HOW TO COMPLETE THIS TASK:
Without pictures, output exactly the lines running from the line containing "з поворотним виливом" to the end of the listing below.

DATA BELOW:
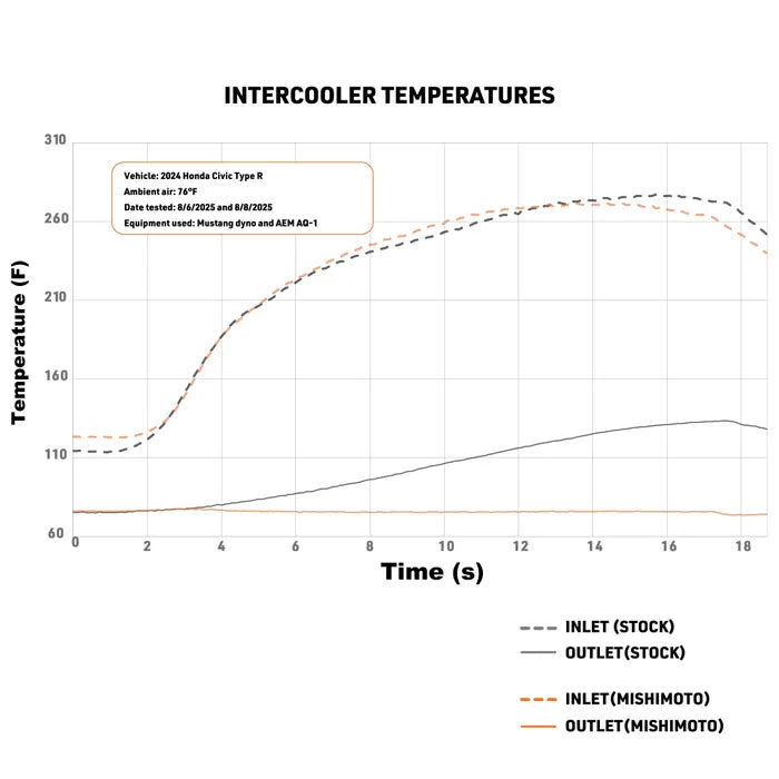 Upgrade your 2023+ Honda Civic Type R with a Performance Intercooler Kit engineered to maximize power and keep intake air temperatures in check under the most demanding conditions. Built with cast aluminum end tanks and high-flow aluminum piping, this kit delivers gains of up to 10 horsepower and 9 lb-ft of torque while maintaining consistent performance during repeated heat-soak sessions. With support for builds up to 600 HP, increased pipe diameters, and a 140% larger core volume compared to stock, this intercooler keeps your engine cool and efficient even on the longest track days.
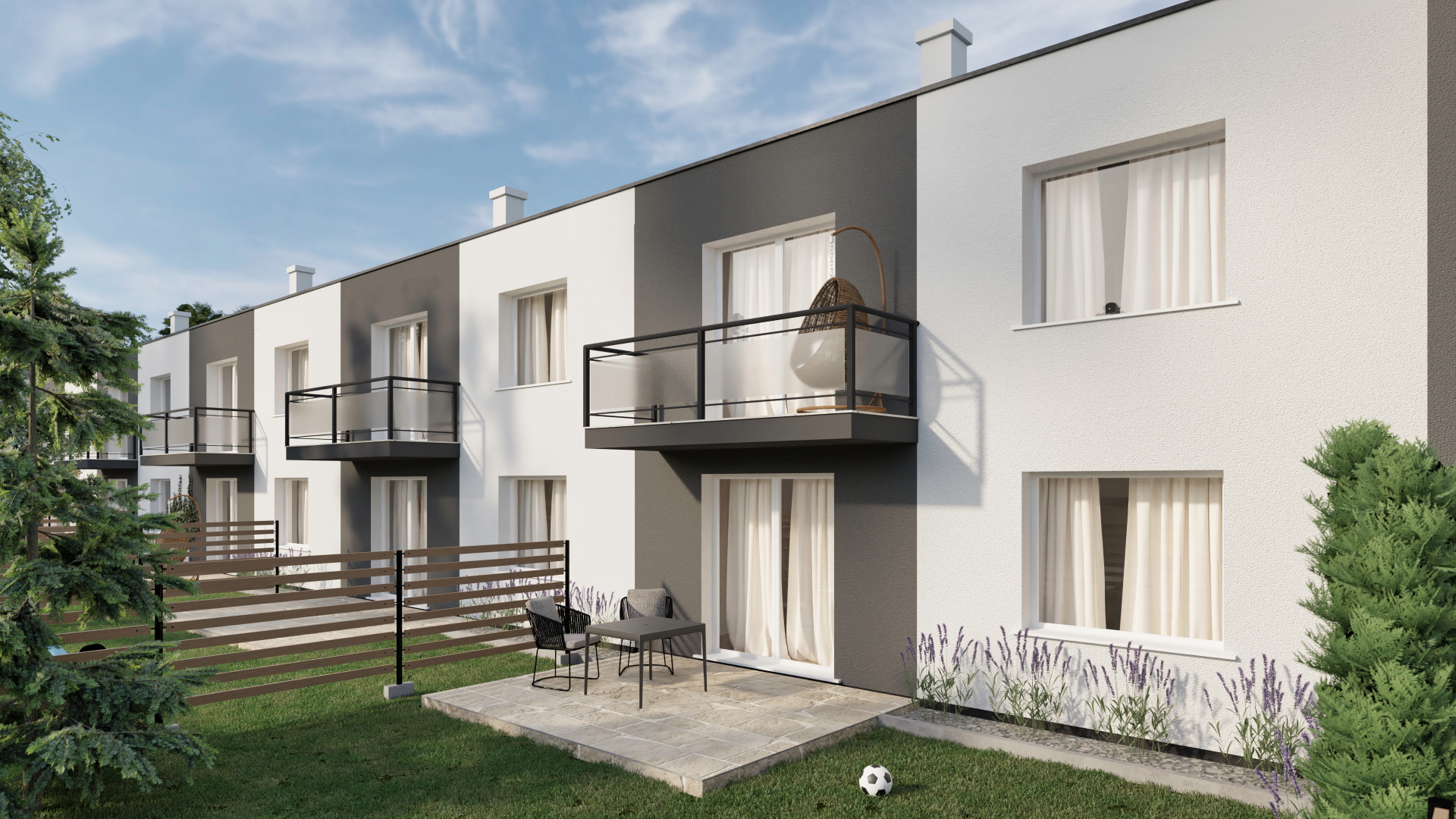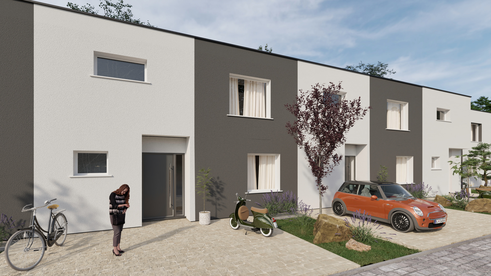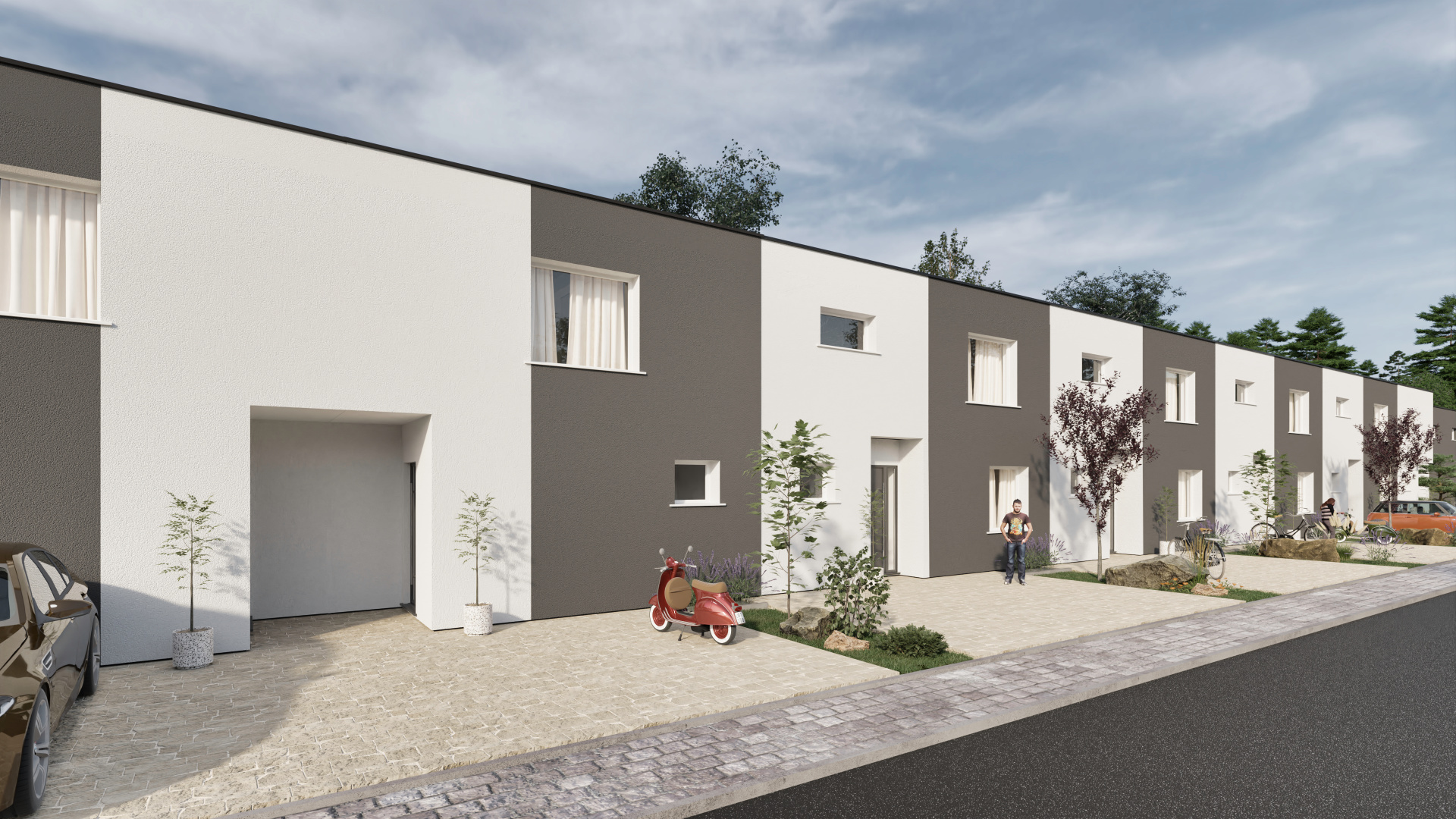 Domy sú dvojpodlažné, nepodpivničené, s úžitkovou plochou približne 127 m² a pozemkami o výmere 180 – 200 m². Každý dom disponuje dvoma parkovacími miestami, oploteným pozemkom a vydláždeným parkovacím státím. Vykurovanie je riešené systémovým teplovodným podlahovým vykurovaním s tepelným čerpadlom, čo zabezpečuje nízke mesačné náklady a energetickú triedu A0.
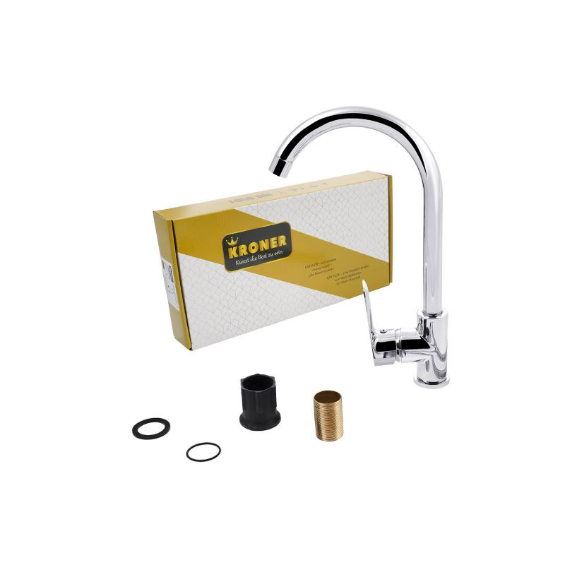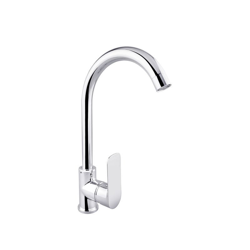 з поворотним виливом виготовлений із силуміну та має хромовану глянсову поверхню. Завдяки своєму високому виливу ви з легкістю можете мити габаритний посуд, набирати воду у високі вази та каструлі з великим комфортом. Змішувач встановлюється на 1 отвір і підключається за допомогою гнучких шлангів, що входять до комплекту постачання.
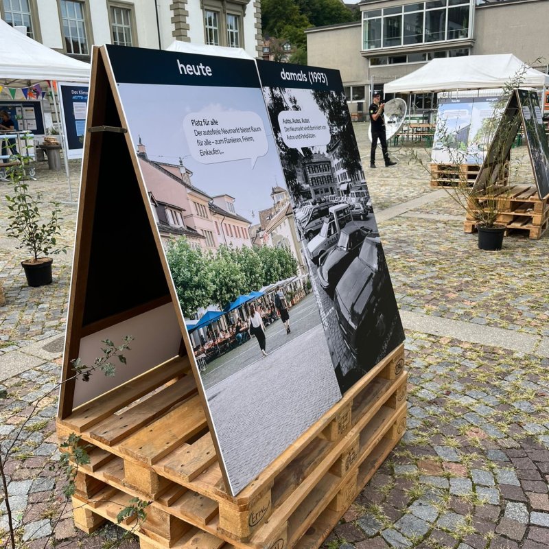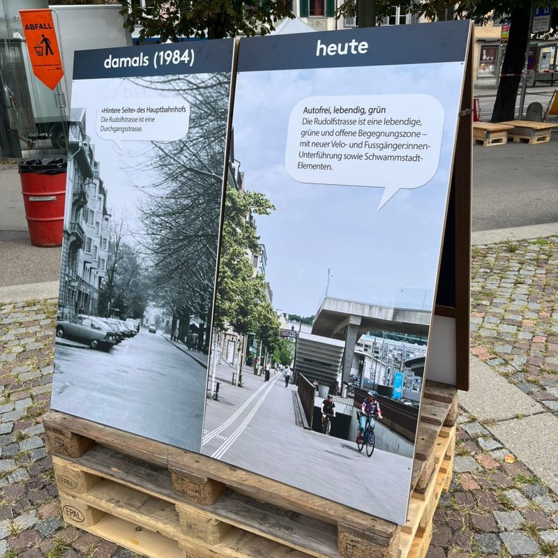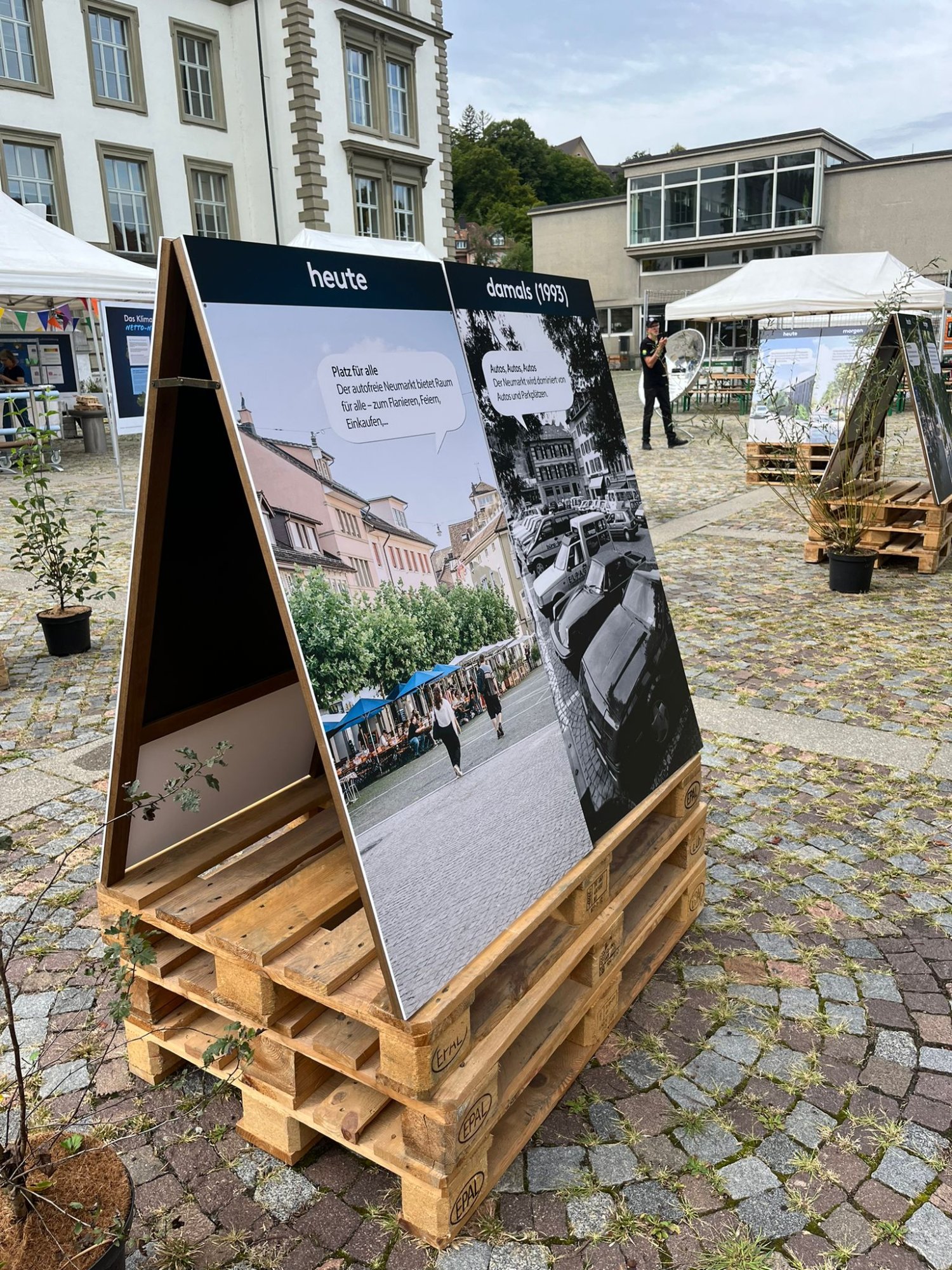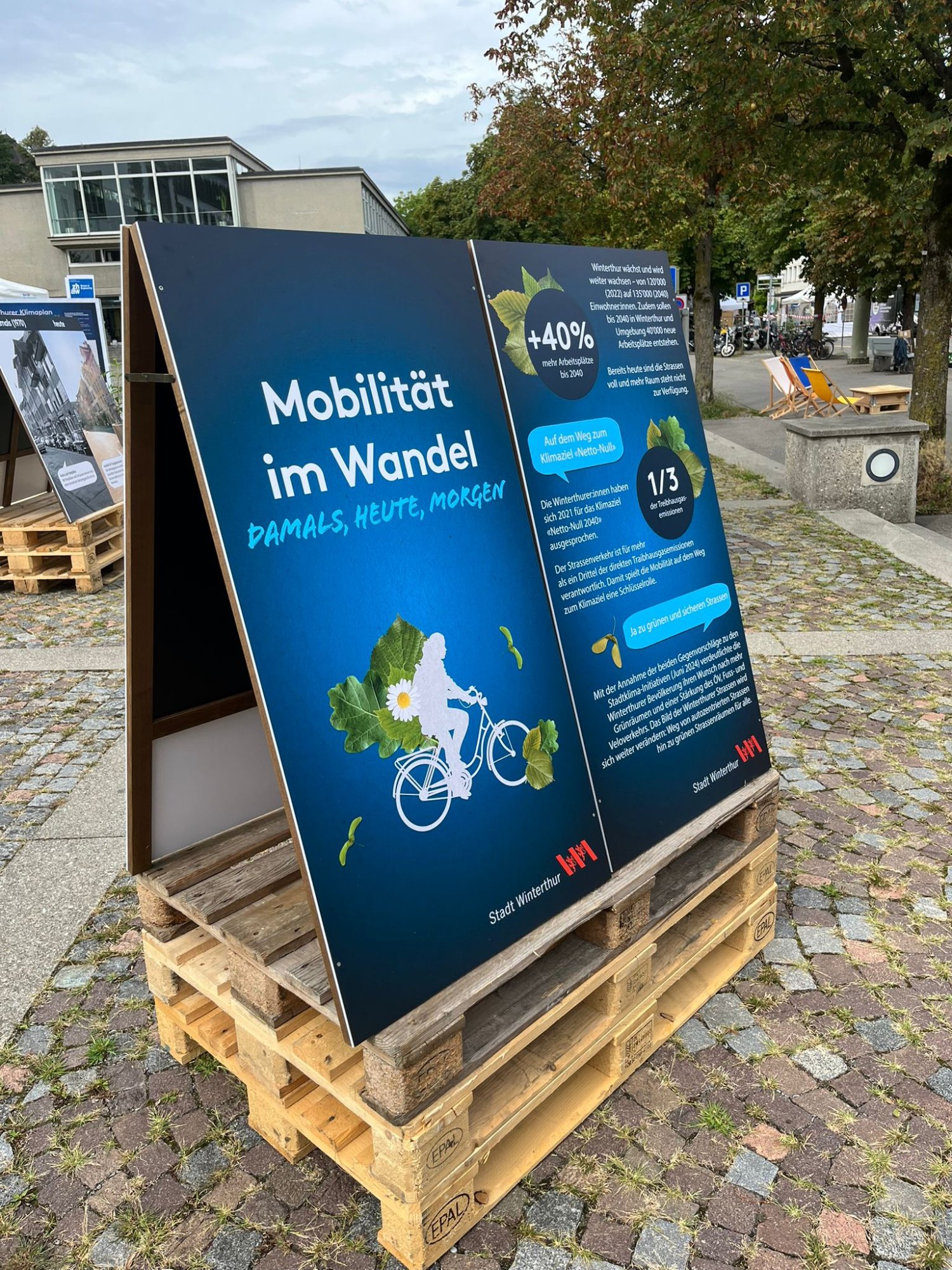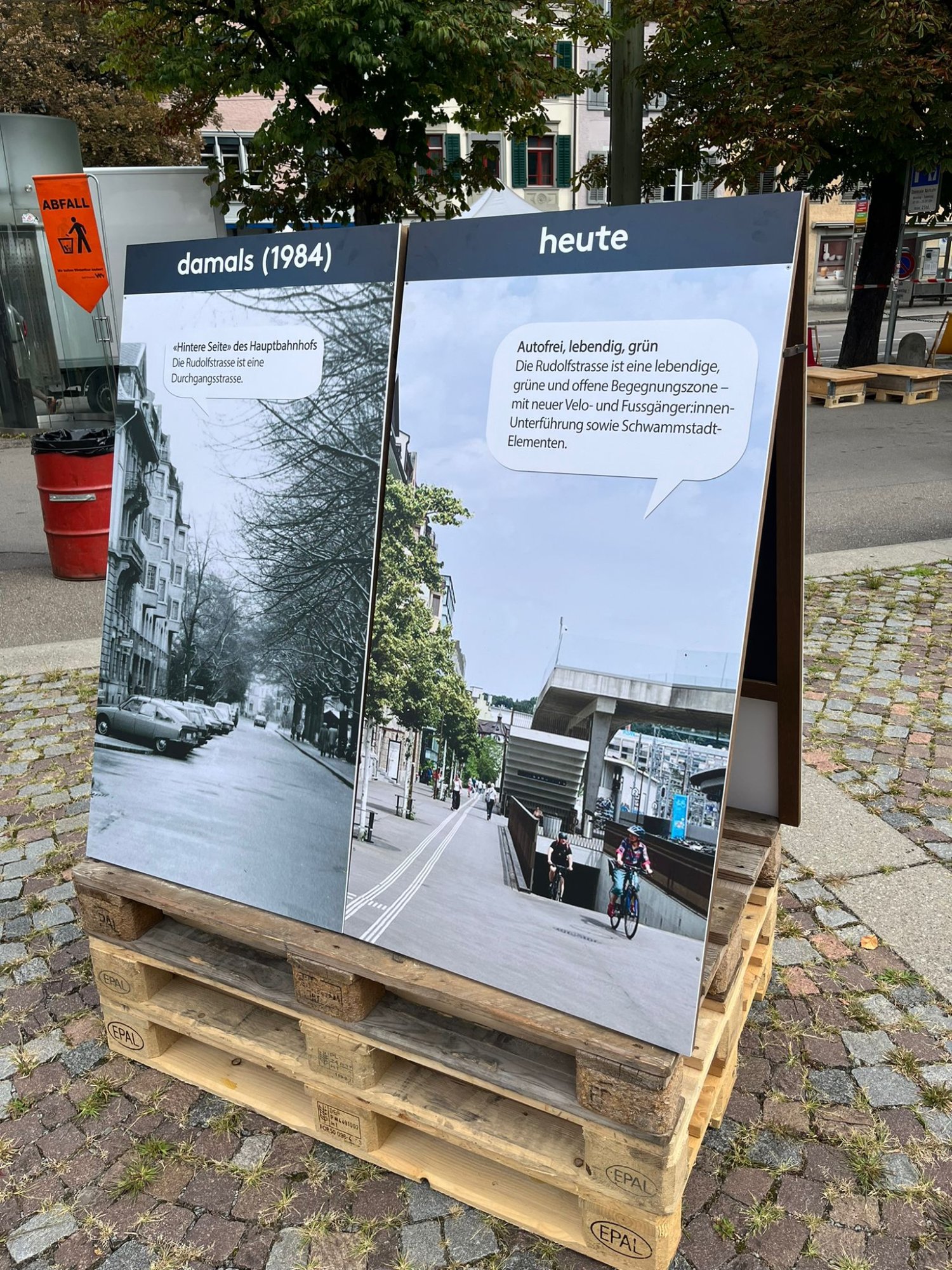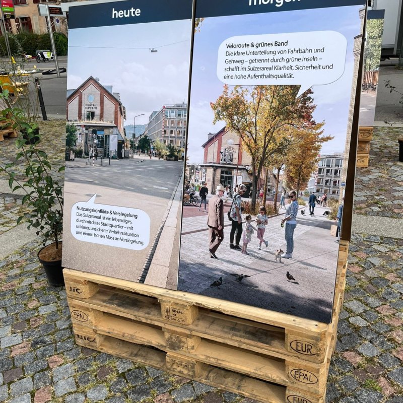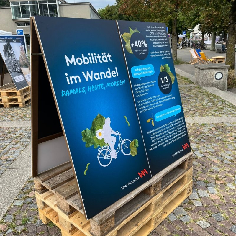 Im Aussenbereich um den Cube fand eine Aussenaustellung der Stadt Winterthur zum Thema "Mobilität im Wandel" statt. Ziel war es, verschiedene Strassensituation in einem Vorher-Nachher-Vergleich zu zeigen. Unsere Aufgabe war es, Vorschläge einzubringen, wie diese Aussenausstellung den Kriterien der Stadt entsprechen kann. Mit den Paletten und Kundenstoppern fanden wir eine nachhaltige, platzsparende, wetterfeste Lösung, die immer wieder eingesetzt werden kann.

SOLUTION TO THIS TASK:
 з поворотним виливом виготовлений із силуміну та має хромовану глянсову поверхню. Завдяки своєму високому виливу ви з легкістю можете мити габаритний посуд, набирати воду у високі вази та каструлі з великим комфортом. Змішувач встановлюється на 1 отвір і підключається за допомогою гнучких шлангів, що входять до комплекту постачання.
 Im Aussenbereich um den Cube fand eine Aussenaustellung der Stadt Winterthur zum Thema "Mobilität im Wandel" statt. Ziel war es, verschiedene Strassensituation in einem Vorher-Nachher-Vergleich zu zeigen. Unsere Aufgabe war es, Vorschläge einzubringen, wie diese Aussenausstellung den Kriterien der Stadt entsprechen kann. Mit den Paletten und Kundenstoppern fanden wir eine nachhaltige, platzsparende, wetterfeste Lösung, die immer wieder eingesetzt werden kann.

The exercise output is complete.